Après-guerre, leur œuvre prit une dimen­sion dif­fé­rente. Le Fine Arts Depart­ment thaï­lan­dais, nou­vel­le­ment créé, s’ap­puyait désor­mais sur leurs recherches. Les fouilles deve­naient une affaire natio­nale. Qua­ritch Wales for­mait des archéo­logues thaï­lan­dais, leur trans­met­tait ses méthodes, conscient peut-être que son temps colo­nial tou­chait à sa fin. Doro­thy orga­ni­sait des expo­si­tions, écri­vait des articles pour le grand public, ren­dait l’ar­chéo­lo­gie accessible.

On trouve aujourd’­hui leurs archives dis­per­sées entre Bang­kok, Londres et Cam­bridge. Des mil­liers de pho­to­gra­phies, de cro­quis, de notes de ter­rain. Doro­thy y appa­raît enfin sous son vrai jour : non pas comme la simple accom­pa­gna­trice de son mari, mais comme une scien­ti­fique à part entière, obser­va­trice méti­cu­leuse, théo­ri­cienne dis­crète. L’his­toire est en train de la réha­bi­li­ter, len­te­ment, posthumément.

Qua­ritch est mort en 1981, Doro­thy quelques années plus tard. Ils reposent quelque part en Angle­terre, loin des laté­rites rouges de Nakhon Pathom, loin des temples qu’ils ont exhu­més. Mais leur héri­tage demeure, ambi­va­lent comme tout héri­tage colo­nial : à la fois appro­pria­tion cultu­relle et contri­bu­tion scien­ti­fique, à la fois vio­lence sym­bo­lique et trans­mis­sion de savoir.

On visite aujourd’­hui le musée de Nakhon Pathom, on contemple les boud­dhas Dva­ra­va­ti que Qua­ritch a sor­tis de terre. Des tou­ristes thaï­lan­dais pho­to­gra­phient ces ves­tiges de leur propre pas­sé, redé­cou­vert par des étran­gers. L’ar­chéo­lo­gie a ceci de ver­ti­gi­neux qu’elle révèle tou­jours autant sur ceux qui fouillent que sur ceux qui sont fouillés.

On devrait main­te­nant s’en­vo­ler vers une autre his­toire, bifur­quer vers Mal­raux pillant les temples khmers ou vers Louis Finot et l’É­cole fran­çaise d’Ex­trême-Orient. Mais res­tons encore un ins­tant avec les Qua­ritch Wales, ce couple impro­bable qui a pas­sé sa vie à recons­ti­tuer un monde dis­pa­ru, à des­si­ner les contours d’une civi­li­sa­tion oubliée, à prou­ver que l’his­toire de l’A­sie du Sud-Est ne com­men­çait ni avec les Euro­péens ni même avec les royaumes que nous connais­sons, mais se per­dait dans des siècles obs­curs où cir­cu­laient déjà les idées, les reli­gions, les marchandises.

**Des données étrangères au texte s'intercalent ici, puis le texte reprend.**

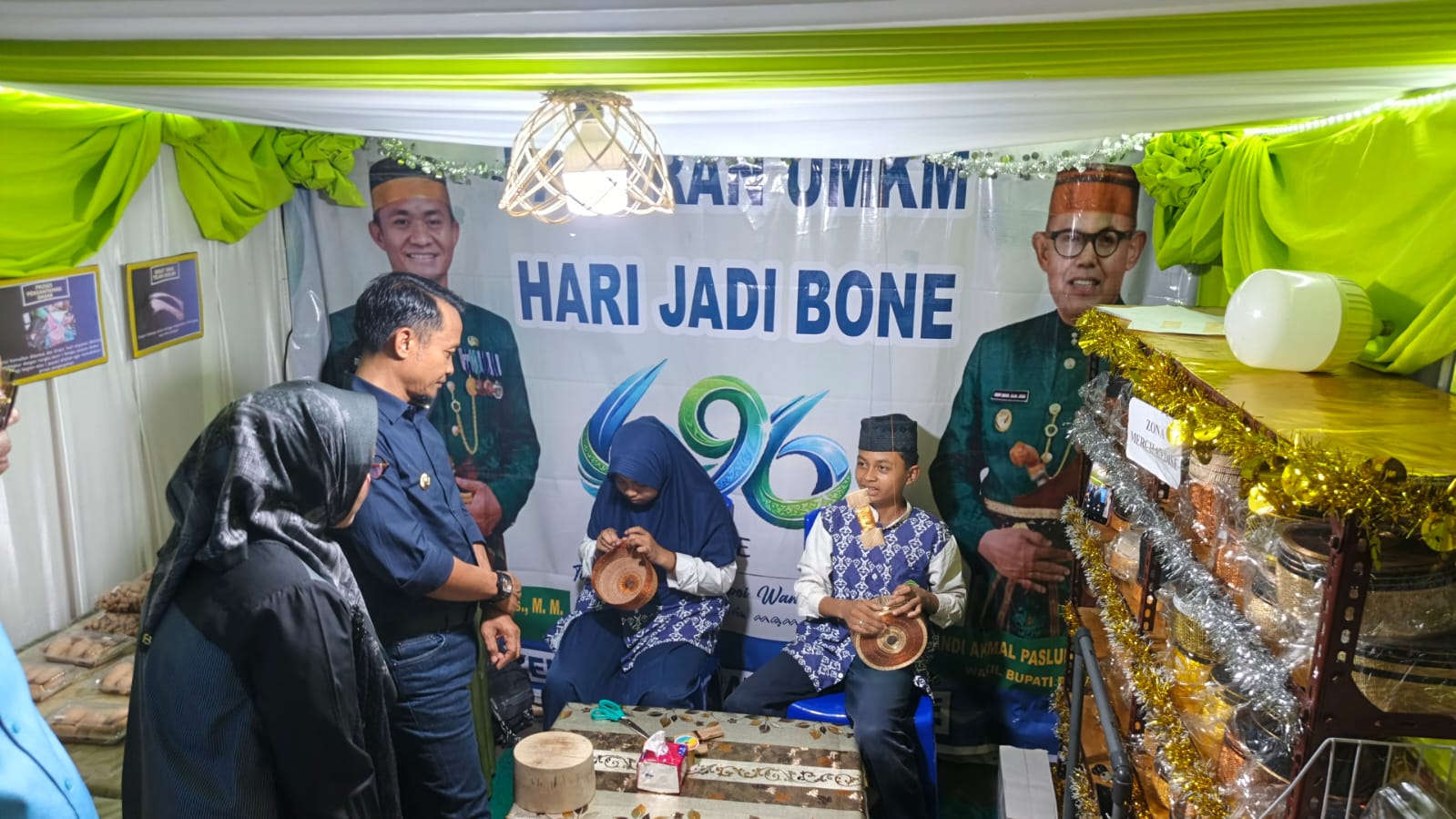 HumasBone – Bupati Bone H. Andi Asman Sulaiman, S.Sos., M.M., didampingi Ketua TP PKK Bone Hj. Maryam Andi Asman bersama Wakil Bupati Bone Dr. H. Andi Akmal Pasluddin, S.P., M.M., yang turut didampingi Wakil Ketua TP PKK Bone Hj. Maya Damayanti Andi Akmal, mengunjungi stand Pameran Pembangunan dan UMKM dalam rangka Hari Jadi Bone (HJB) ke-696.
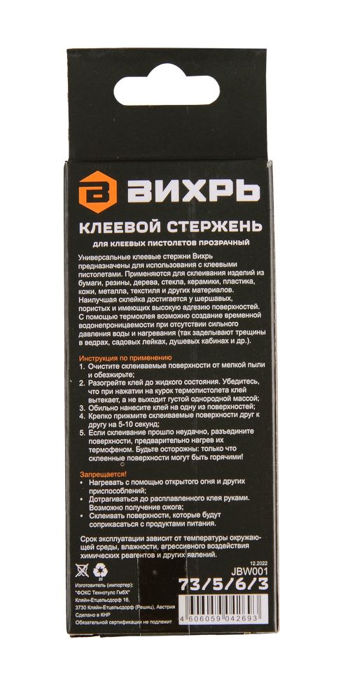 Клеевой стержень Вихрь 7x100 мм, 12 шт
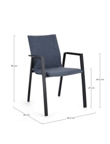 STRUTTURA IN ALLUMINIO VERNICIATA A POLVERE (POLIESTERE). RIVESTIMENTO CON TESSUTO IDROREPELLENTE MISTO (70% TEXTILENE, 30% OLEFIN). IMBOTTITURA PER ESTERNO FAST DRY FOAM. IMPILABILE. IMBALLO SENZA CARTONE.
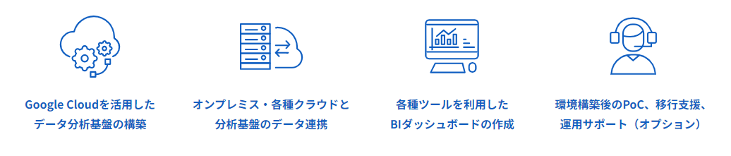 Google Cloudを活用したデータ分析基盤の構築や、オンプレミス・各種クラウドと分析基盤のデータ連携をサポートします。
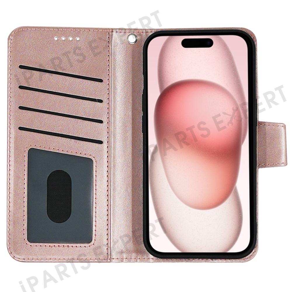 For iPhone 14 Pro Max Case Stand Card Holder Wallet Leather Phone Cover - Rose Gold

Archéo­lo­gie : du grec ancien, fouiller les ori­gines. Les Qua­ritch Wales ont fouillé, inlas­sa­ble­ment, avec les outils concep­tuels de leur époque, avec les pré­ju­gés de leur classe et de leur race, mais aus­si avec une sin­cère pas­sion pour ces pierres qui parlent à qui sait les écou­ter. Aujourd’­hui, sous le soleil écra­sant de la plaine cen­trale thaï­lan­daise, leurs décou­vertes conti­nuent d’é­mer­ger de la terre rouge, témoins silen­cieux d’un pas­sé mul­tiple, com­plexe, que nous ne fini­rons jamais vrai­ment de comprendre.